GlyMabs offer interesting commercial opportunities as each antibody has high specificity for particular glycan molecules, making each of them attractive development candidates. In addition to being potential therapies in their own right, the specificity of the anti-glycan enables their development into a range of antibody-based therapies with differing mechanisms of action, such as antibody drug candidates, CAR-T, radioimmunotherapy and T-cell re-direction.
SC134 is the GlyMab lead asset and has strong potential as an effective therapeutic antibody for small cell lung cancer with in vivo data demonstrating anti-tumour activity as a T cell engager and an antibody drug conjugate. This data has generated broad commercial interest which will be pursued for partnership opportunities and licensing deals. Data demonstrating SC134 as effective T cell engager for small cell lung cancer has been published in a high-impact peer-reviewed international journal in August 2024.
CORPORATE
During the period, the Company has enhanced its organisational capabilities through key appointments to the Board of Directors and the Senior Management team, bringing highly relevant experience from the pharmaceutical sector to the company that will further enhance its commercial capabilities and accelerate the Company forward in achieving its strategic objectives.
Dr Florian Reinaud, Non-Executive Director, and Sath Nirmalananthan, CFO, were appointed to the Board of Directors. Dr Florian Reinaud (representing Redmile, Scancell's leading investor) brings over 20 years of executive, non-executive and financial experience from the healthcare sector. Sath Nirmalananthan has served as the Company's Chief Financial Officer since 29 August 2023 and brings more than 15 years' experience in the healthcare sector at FTSE and NASDAQ listed companies.
In July 2024, Scancell appointed Dr Nermeen Varawalla as Chief Medical Officer. She brings over 25 years of clinical development experience, including the conduct of numerous registration studies in oncology, and has worked across global large pharma, healthcare business consultancy and clinical trial services. The appointment enhances Scancell's capabilities for its Phase 2/3 registration trial following clinical results from SCIB1 and iSCIB1+ cohorts.
Other key appointments include appointing Dr Callum Scott as Head of Development and Dr Mandeep Sehmi as Head of Business Development, who both bring highly relevant pharmaceutical industry experience that will further enhance the Company's commercial capabilities as it develops to being a late-stage clinical company.
FINANCE
R&D expenditure increased by £1.3 million to £12.9 million (2023: by £2.1 million to £11.6 million). In 2024, the number of employees engaged in development increased, and we continued to incur costs for our SCOPE and ModiFY clinical trials. The most significant increase in development costs in 2024 was scaling up SCIB1 and iSCIB1+ manufacturing capabilities in preparation for the Phase 2/3 registration trial and commercialisation. The increase in R&D spend was smaller than the increase in 2023 due to prioritisation of projects with a focus on the more advanced clinical assets.
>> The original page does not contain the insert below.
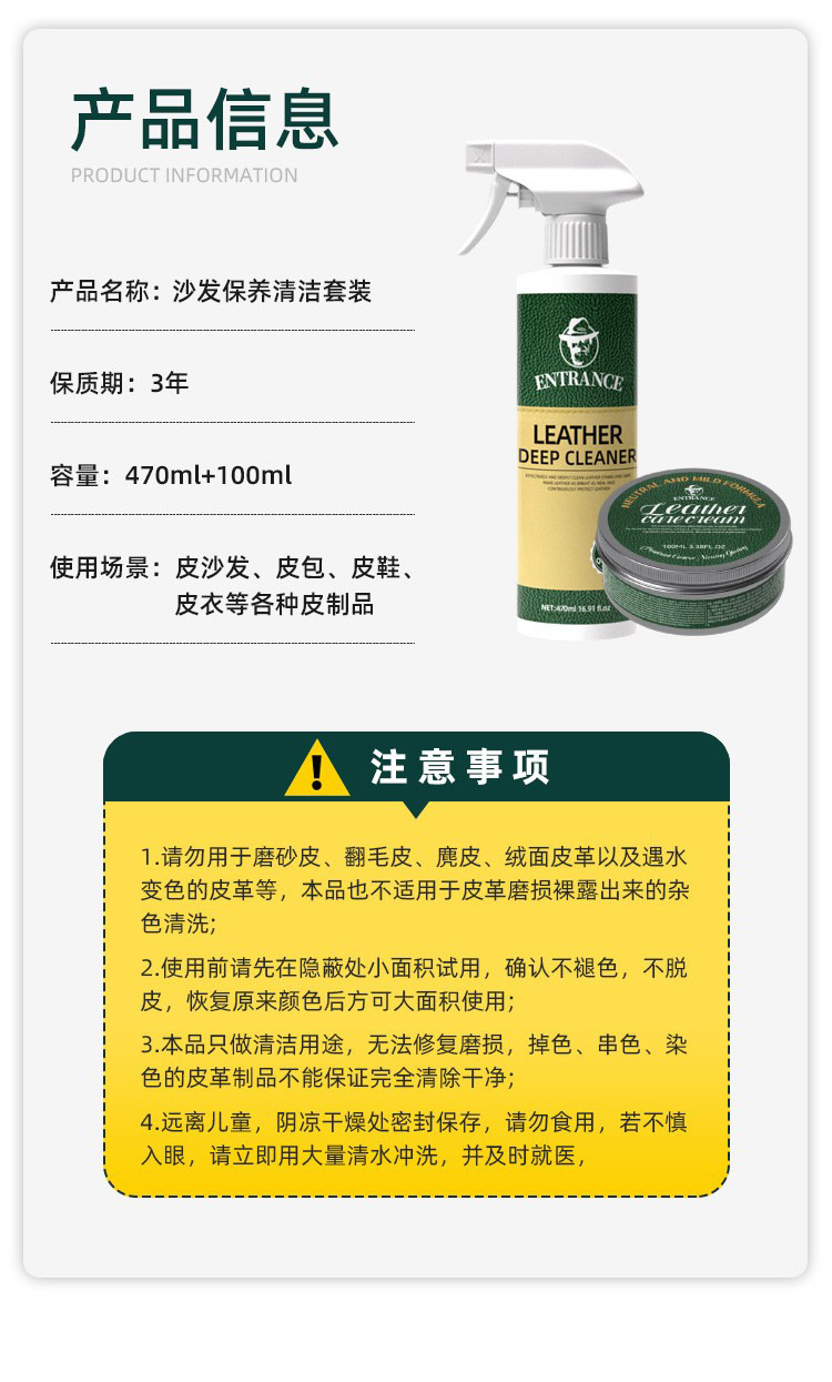 | Clasificación de colores | Limpiador 470ml * 1,Crema de mantenimiento 100ml * 1,Kit de limpieza y mantenimiento * 1,El limpiador contiene herramientas de limpieza * 1,Crema de mantenimiento con herramientas de limpieza * 1,Kit de limpieza y mantenimiento con herramientas de limpieza * 1 |

At 30 April 2024, the Group had cash and cash equivalents of £14.8 million (2023: £19.9 million). The £5.1 million decrease for 2024 was due to £17.4 million of cash used in operations, which was largely a result of continued R&D expenditure. This was offset by £11.3 million of net proceeds following an open offer and placing in December 2023. By comparison, there was an £8.8 million decrease in cash for 2023 due to continued development expenditure, which was partly offset by the revenue received from Genmab. The estimated cash runway of the Group is into the third calendar quarter of 2025. Further details of the Board's going concern assessment are provided in Note 1 to the Financial Information.
In July 2024, the maturity of the Group's convertible loan notes was extended to the second half of 2027. Under the amended terms, the Group repaid approximately £0.5m of notes and is not required to make any further payments until maturity. There were £19.2 million of convertible loan notes outstanding following the extension. At 30 April 2024, the convertible loan notes reported in the Consolidated statement of financial position on an amortised cost basis totalled £19.0 million.
In June 2024, the Company entered into a revenue generating agreement with an international biotechnology company. The agreement provided a seven-month exclusive evaluation period for one of the anti-glycan monoclonal antibodies in exchange for $1 million (£0.8 million), which was received in July 2024. An option to fully license the antibody for further payments is possible under the agreement.
The Group's overall loss for 2024 was £5.9 million, compared to £11.9 million in 2023. The £6.0 million reduction in loss was largely generated by finance income of £9.9m following remeasurement of convertible loan note derivative liabilities. This was offset by a £5.3 million reduction in revenue. Revenue from the licencing deal with Genmab significantly reduced 2023's loss, whereas there was no such revenue for 2024.
Administrative expenditure for 2024 increased to £5.4 million (2023: £5.0 million) due to additional professional fees, additional recruitment and other overheads.
The fair value of the Group's derivative liabilities associated with its convertible loan notes significantly decreased in 2024, resulting in non-cash finance income of £9.9 million (2023: finance expense of £1.5 million). The value of derivative liabilities decreased following a reduction in the Company's share price and the time for noteholders to exercise. After the extension of the convertible loan notes in July 2024 and an increase in the Company's share price, the Group could experience significant changes in convertible loan related financial statement balances in the year ended 30 April 2025.
The loss before taxation amounted to £9.1 million (2023: £14.3 million) and R&D tax credits increased by £0.9 million to £3.3 million (2023: £2.4 million), reflecting an increase in qualifying expenditure identified in 2024. We received £2.4 million of tax credits relating to 2023 in June 2024 and a further £0.5 million of credits in September 2024.
The Group had an overall net liability position (£3.5 million in 2024 and £9.6 million in 2023), primarily due to non-cash fluctuations in its embedded derivative liabilities, which represent the fair value of the conversion feature of the convertible loan notes.
OUTLOOK
Given the significant clinical and commercial milestones achieved in the period, positive early efficacy data, and sufficient resources to fund the current strategy, the Company is confident it will achieve its near-term milestones.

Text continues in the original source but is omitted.